Habría que ver qué reconstrucción de la Argentina pueden hacer los arqueólogos del futuro a partir de unos libros donde los indios cautivan salmones o pierden y encuentran vestiditos de muñecas en medio de la pampa. Para todo lo demás, existe David Viñas cuyos libros, Literatura argentina y política, entre ellos, quizás permitan una reconstrucción de la Argentina y de la literatura argentina menos delirante. O, a juzgar por esas series hilarantes a las que alude Horacio González, tal vez no tanto.

En cualquier caso, también me gusta pensar a Viñas fuera de esa serie de figuras epigonales y en relación con otra serie.
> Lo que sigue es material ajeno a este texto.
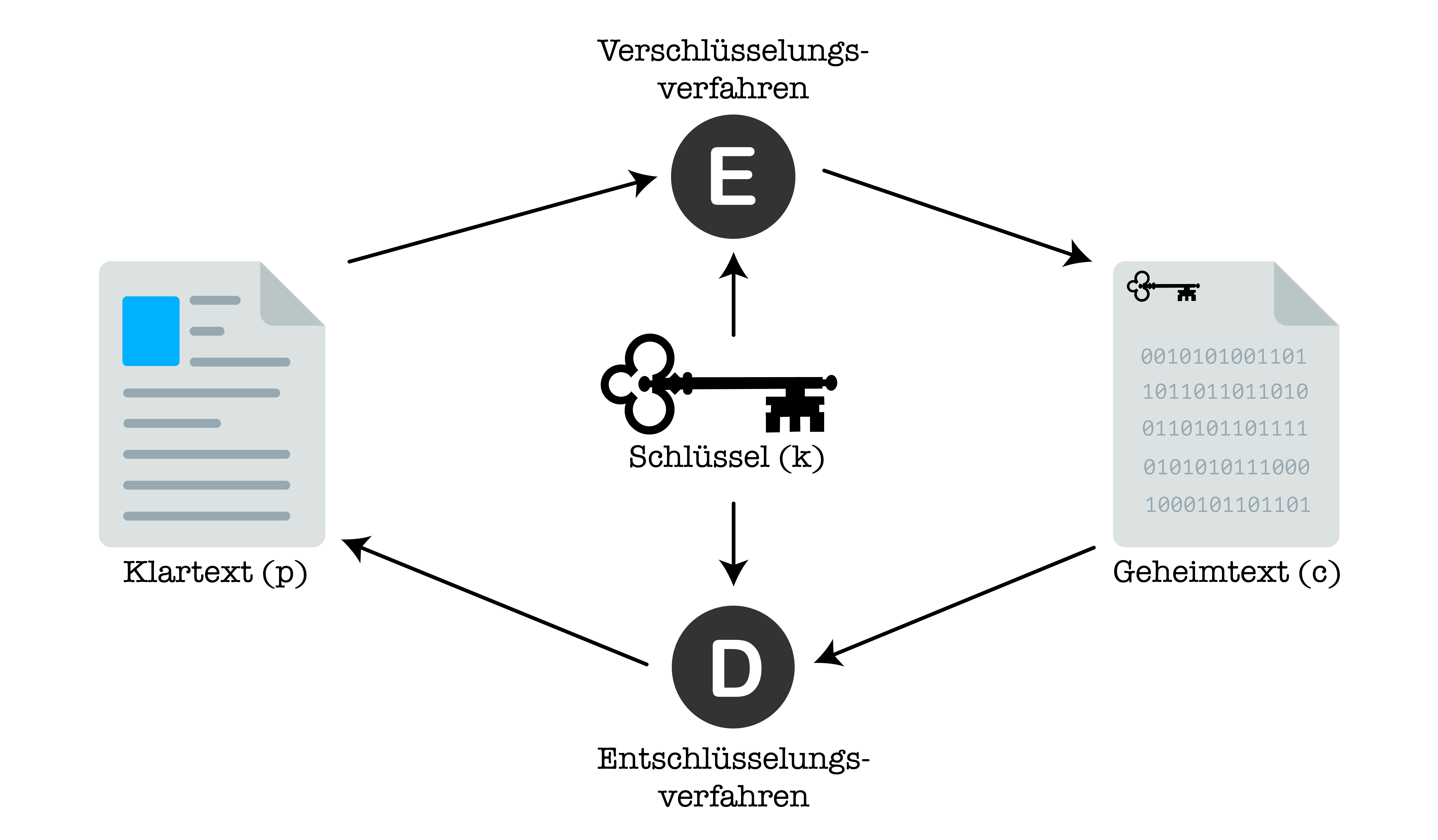 Um einen Klartext in einen Geheimtext umzuwandeln, benötigen wir einerseits einen Schlüssel (, engl.: key) und andererseits einen Algorithmus, der den Klartext unter Verwendung des Schlüssels in Geheimtext umwandelt. Diesen Algorithmus bezeichnen wir als Verschlüsselungsverfahren oder Verschlüsselungsalgorithmus, abgekürzt (engl.: encryption algorithm). Damit wir eine verschlüsselte Nachricht aber auch wieder entschlüsseln können, brauchen wir zudem noch ein dazugehöriges Entschlüsselungsverfahren, resp. einen Entschlüsselungsalgorithmus (, engl.: decryption algorithm). Ein Paar aus zwei solchen Algorithmen bezeichnen wir dann als eine Chiffre, wenn die unter Verwendung desselben Schlüssels 1 die Umkehroperation von ist.
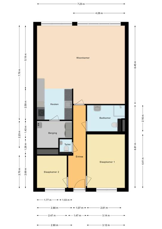 - De galerijflat heeft een woonoppervlakte van 97 m² en beschikt over 3 kamers, waarvan 2 slaapkamers;

Una de Netflix: “Dark”, también de Baran bo Odar, donde los personajes viajan en el tiempo a través de un túnel misterioso por el que desaparecen niños que luego acaban siendo padres de sus amiguitos de juegos. Cada vez que el túnel activa su magia fatal, las palomas mueren masivamente y llueven desde el cielo. Entonces, hay un viejito (el viejo loco del pueblo que sabe por viejo y por loco y por algo más) que repite: “Va a suceder otra vez, va a suceder otra vez”. Lo que sucede es que alguien desaparece para aparecer en otra dimensión, en otro tiempo: la pregunta no es dónde está ese personaje sino cuándo. 

Contra los relatos lineales del fin y del último, está el relato del retorno, de esas constantes con variaciones que David Viñas sabía leer en la literatura argentina, pero también de esas constantes con variaciones que son, al cabo, las sucesivas ediciones y reediciones de Literatura argentina y política: la de Jorge Álvarez, las de Siglo XX, la de CEAL, la de Santiago Arcos, la de Sudamericana y ahora también, la monumental edición crítico-genética de Eduvim. Si David Viñas fue “el último ¿crítico? argentino del siglo XX” es bueno traerlo a este dónde y a este cuándo, a este tiempo, al siglo XXI, porque este ya no es el siglo XX como sugirió Laxagueborde hace diez años, en las Jornadas de 2012. Es bueno, muy bueno, que haya sucedido otra vez y que haya sucedido de la mano de Eduvim y de la Biblioteca Nacional

Es muy bueno, además, que ocurra en estos momentos un poco yermos de audacias críticas y tan llenos de peligros políticos. Habría que preguntarse cuál es el diálogo que el libro de Viñas nos invita a establecer, esta vez, con este contexto. Una pregunta así, es también una pregunta por la condición de la literatura y de la ficción en el concierto de la discursividad social, una pregunta para la cual Viñas tenía una respuesta: ni decorativa, ni sacramental. Y es, desde luego, una pregunta siempre renovada para la relación entre intelectuales y política: ¿a qué nos toca decir “no” para no distraernos de pensar, de seguir pensando y para ofrecer alguna resistencia al poder de las fuerzas centrípetas donde sea y como sea que ellas se presenten?